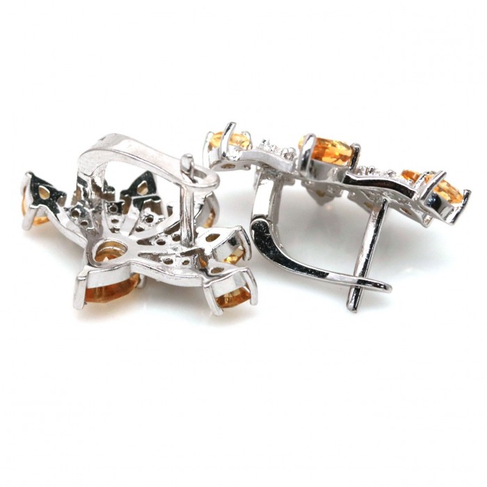 К6289Natural Orange opal 16.0 X 8.0 MM.Розмір 17.35.Вага 2.23 гр.Срібло 925 проби покрите білим золотом.Розмір каміння - 2.0 TO 5.0 X 3.0 MM.Чистота - If.Обробка - Clarity Enhanced.Походження - Ethiopia...
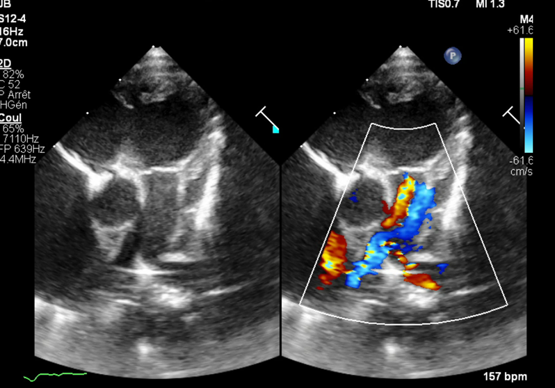 - Major defect in atrioventricular valve with torrential regurgitation
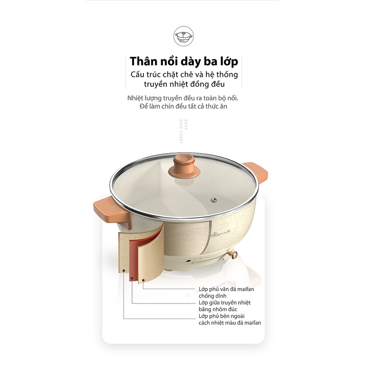 ✅Sở hữu phong cách thời thượng, đẳng cấp, chiếc nồi lẩu uyên ương Bear DHG-C50K1 có hình dáng nồi rất trang nhã, màu sắc nhã nhặn, sang trọng, xứng đáng để chị em nội trợ thêm ngay vào giỏ hàng của mình ngay từ cái nhìn đầu tiên.
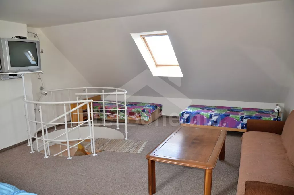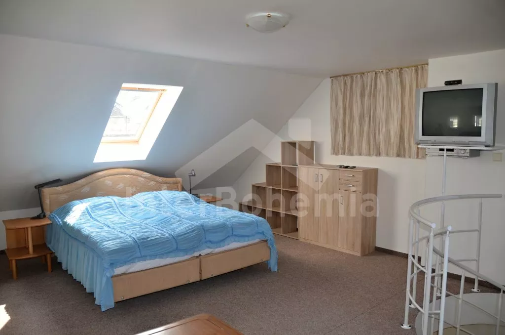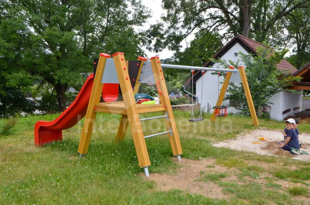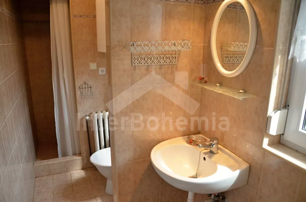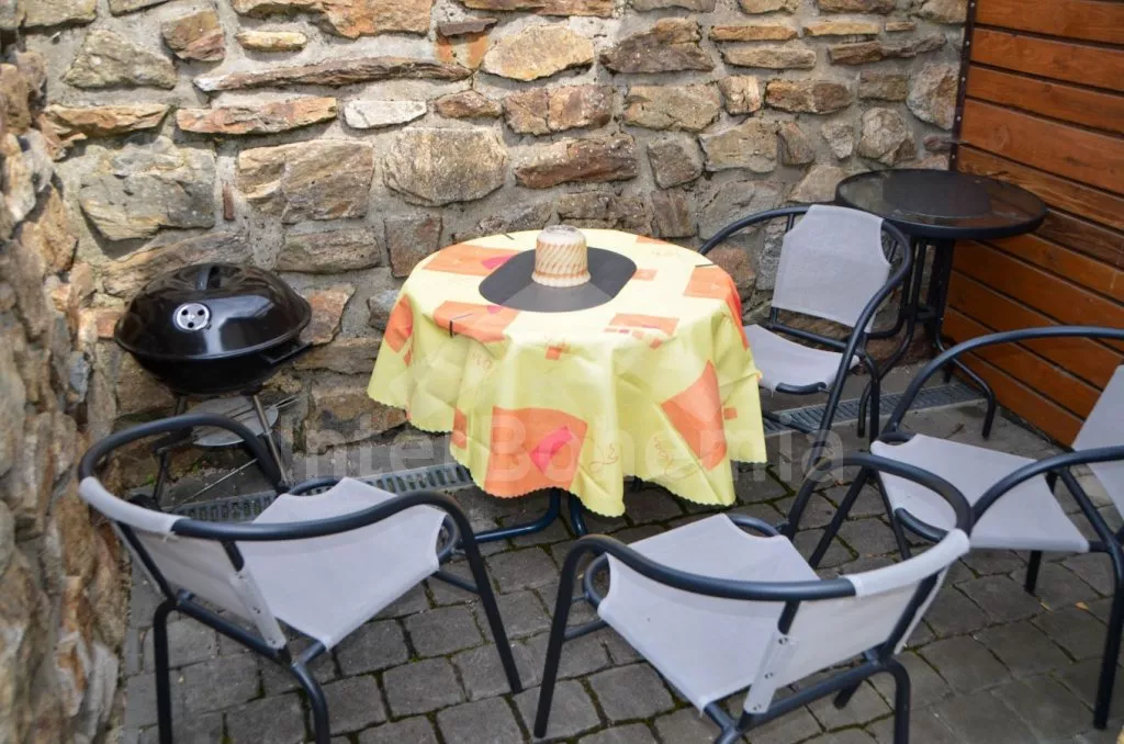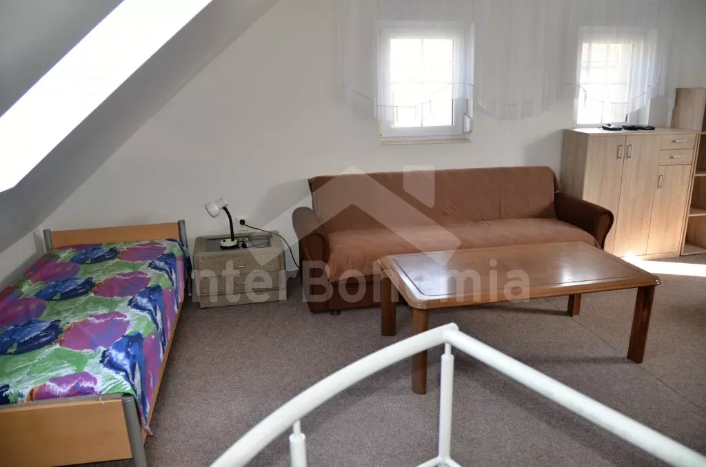 Volně stojící rekreační domek, po rekonstrukci v roce 2015, pěkně a pohodlně zařízený. Vstup, zádveří, obývací pokoj s posezením, krbovými kamny, barem a kuchyňským koutem s elektrickou varnou deskou, mikrovlnnou troubou, chladničkou a varnou konvicí. Koupelna s toaletou, sprchovým koutem a umyvadlem. Po točitém schodišti vystoupáte do prvního patra, které slouží jako velmi prostorná obývací ložnice s posezením (gauč slouží také jako menší přistýlka), TV, jedním dvojlůžkem a dvěma samostatnými postelemi. Objekt je vytápěn centrálně a krbovými kamny. Dům stojí na vlastním pozemku ještě s domem pronajímatele, k dispozici je venkovní posezení a přenosný gril. Parkování před objektem a na pozemku.
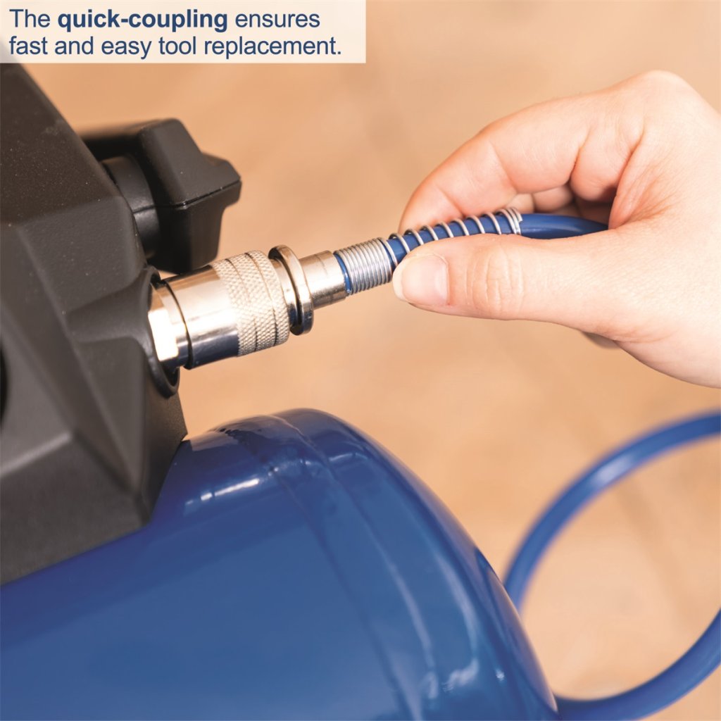 HC 06 - bezolejový kompresor 6l Kompresor Scheppach HC 06 je praktický, lehký a snadno přenosný kompresor s tlakovou nádobou o objemu 6 l a silným motorem 1200 W. Díky moderní bezolejové technologii má minimální nároky na údržbu. Hodí se jak do běžných domácích dílen, tak i pro řemeslníky, pro které je důležitým kritériem nízká váha, malá hmotnost a snadný transport. Díky vzdušníku se kompresor hodí nejenom na běžné nafukování pneumatik, míčů, matrací, jízdních kol, ale můžete k němu připojit i sponkovačku, stříkací pistoli (air brush), ofukovací pistoli apod. Díky bezolejové technologii je vhodný i na tlakování výčepních zařízení. Výši tlaku si jednoduše nastavíte otočným ovladačem a jednoduše kontrolujete pomocí vestavěného manometru. Stroj je vybaven velkým madlem, háky pro snadné namotání přípojného kabelu a pro dobrou stabilitu i nohami s gumovými patkami. Kompresor je už v základu vybaven bohatou sadou šestidílného příslušenství, takže ho můžete bez dalších finančních výdajů začít ihned používat. Nástroje šestidílné sady jsou vyrobeny z kvalitních slitin kovů a snadno se připojí na rychlospojku kompresoru. Obsah sady: Praktická ofukovací pistole pro čištění a vysoušení vysokým proudem vzduchu Pistole na plnění pneumatik s manometrem s gumovou ochranou, duální stupnicí (bar/PSI) a výpustným tlačítkem 5 m spirálová hadice pro snadné propojení nástrojů 3 různé druhy trysek pro nejběžnější typy ventilůDoplňkové parametry
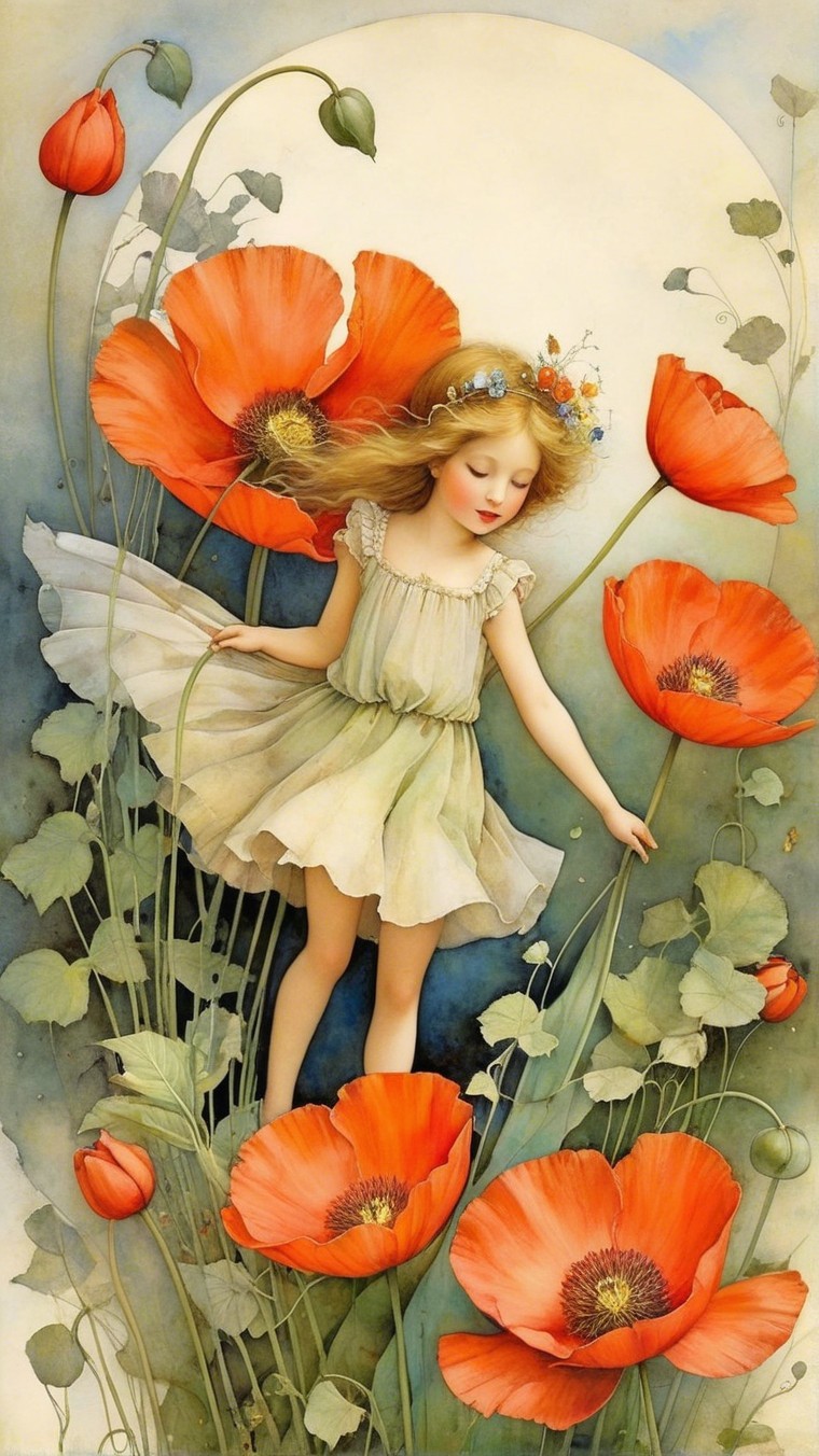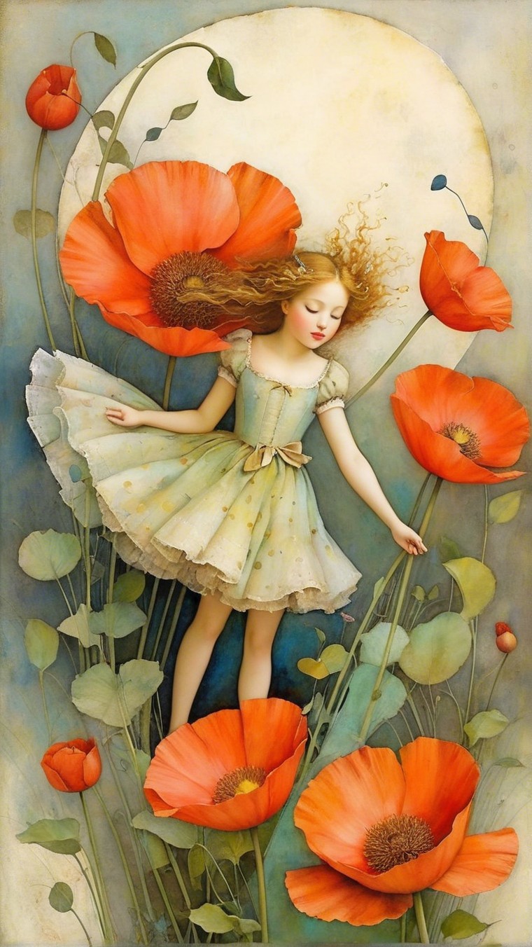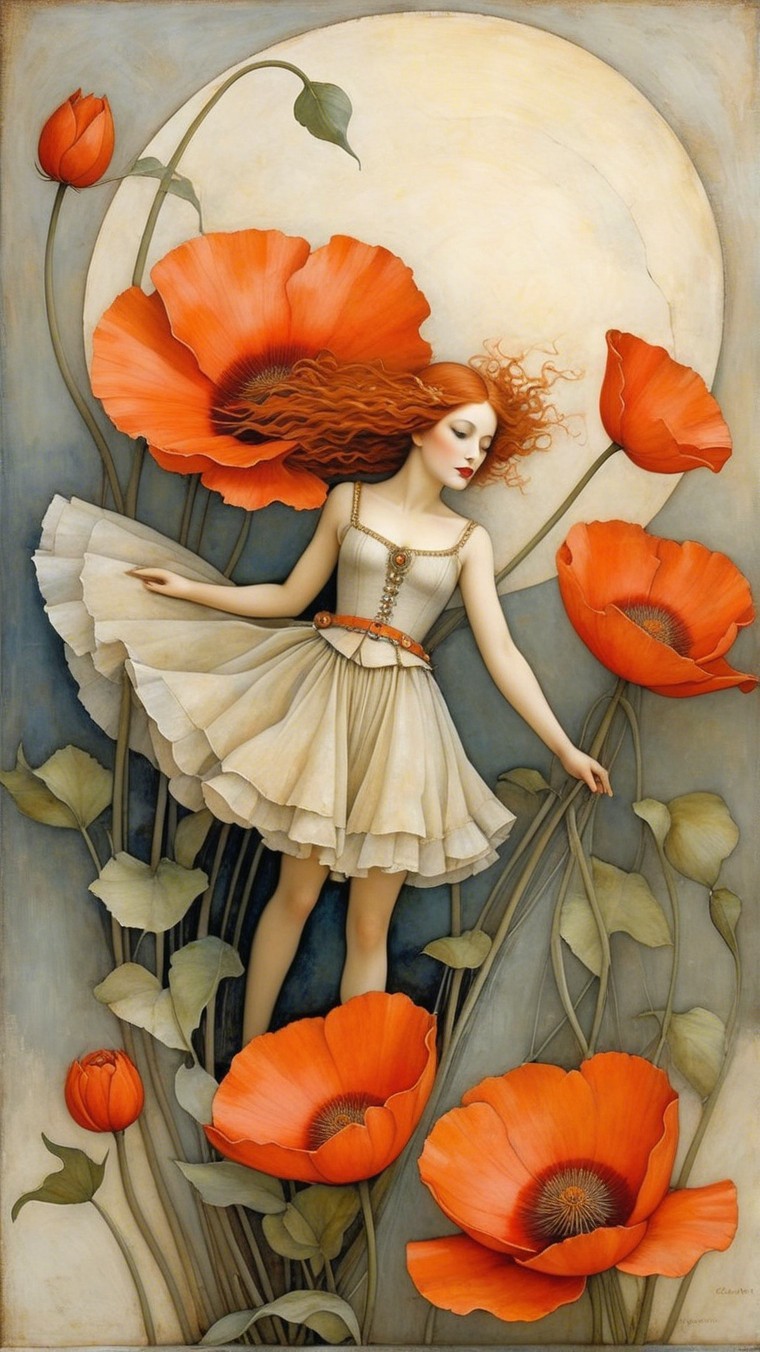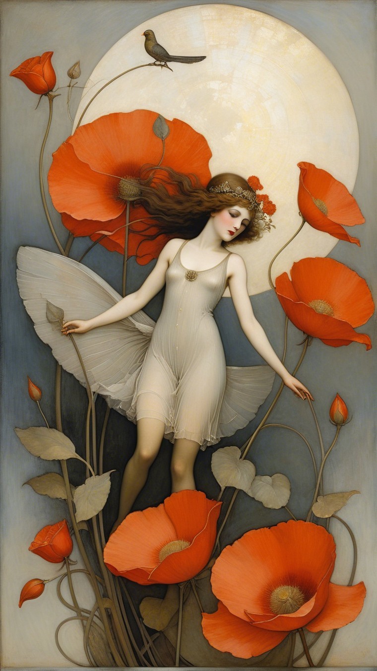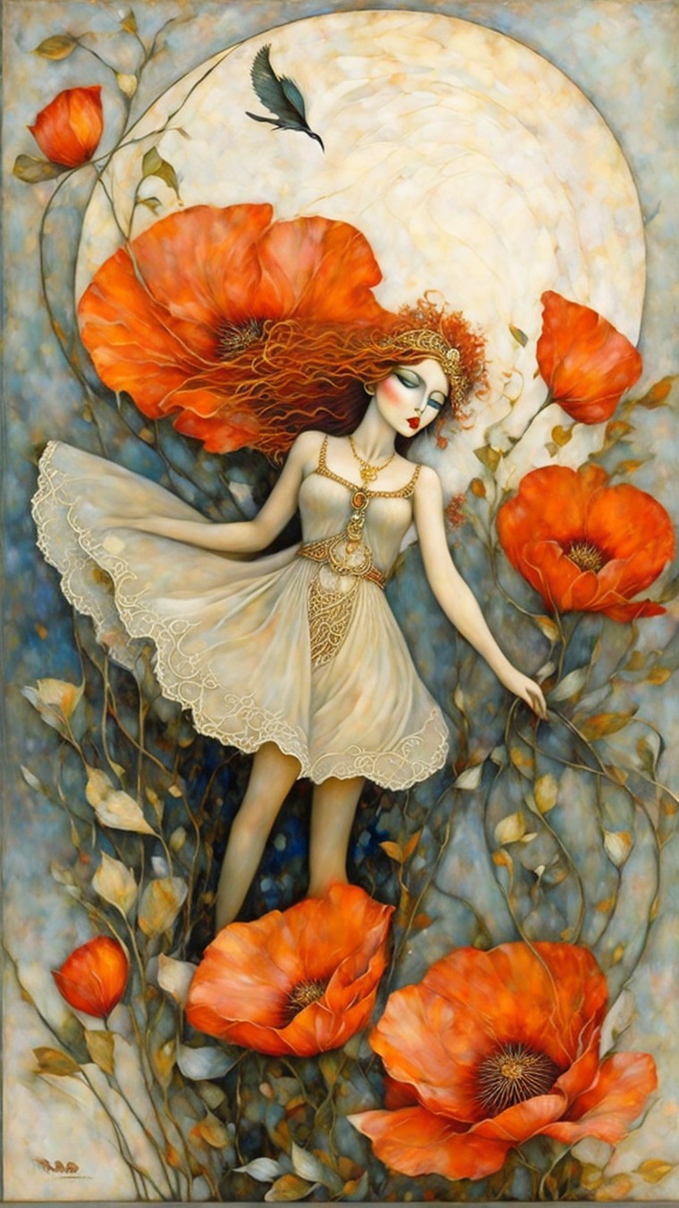 A stylized portrait of a woman with dark hair and elegant attire, adorned with vibrant red poppies. She wears a dramatic red headscarf, set against a luminous moonlit background.

● ● ● ●

**Problem requirements:** Everything from the first line of the listing above through the line that contains "- Major defect" is to be restated word for word, minus the pictures.

**Your response:**
 К6289Natural Orange opal 16.0 X 8.0 MM.Розмір 17.35.Вага 2.23 гр.Срібло 925 проби покрите білим золотом.Розмір каміння - 2.0 TO 5.0 X 3.0 MM.Чистота - If.Обробка - Clarity Enhanced.Походження - Ethiopia...
 - Major defect in atrioventricular valve with torrential regurgitation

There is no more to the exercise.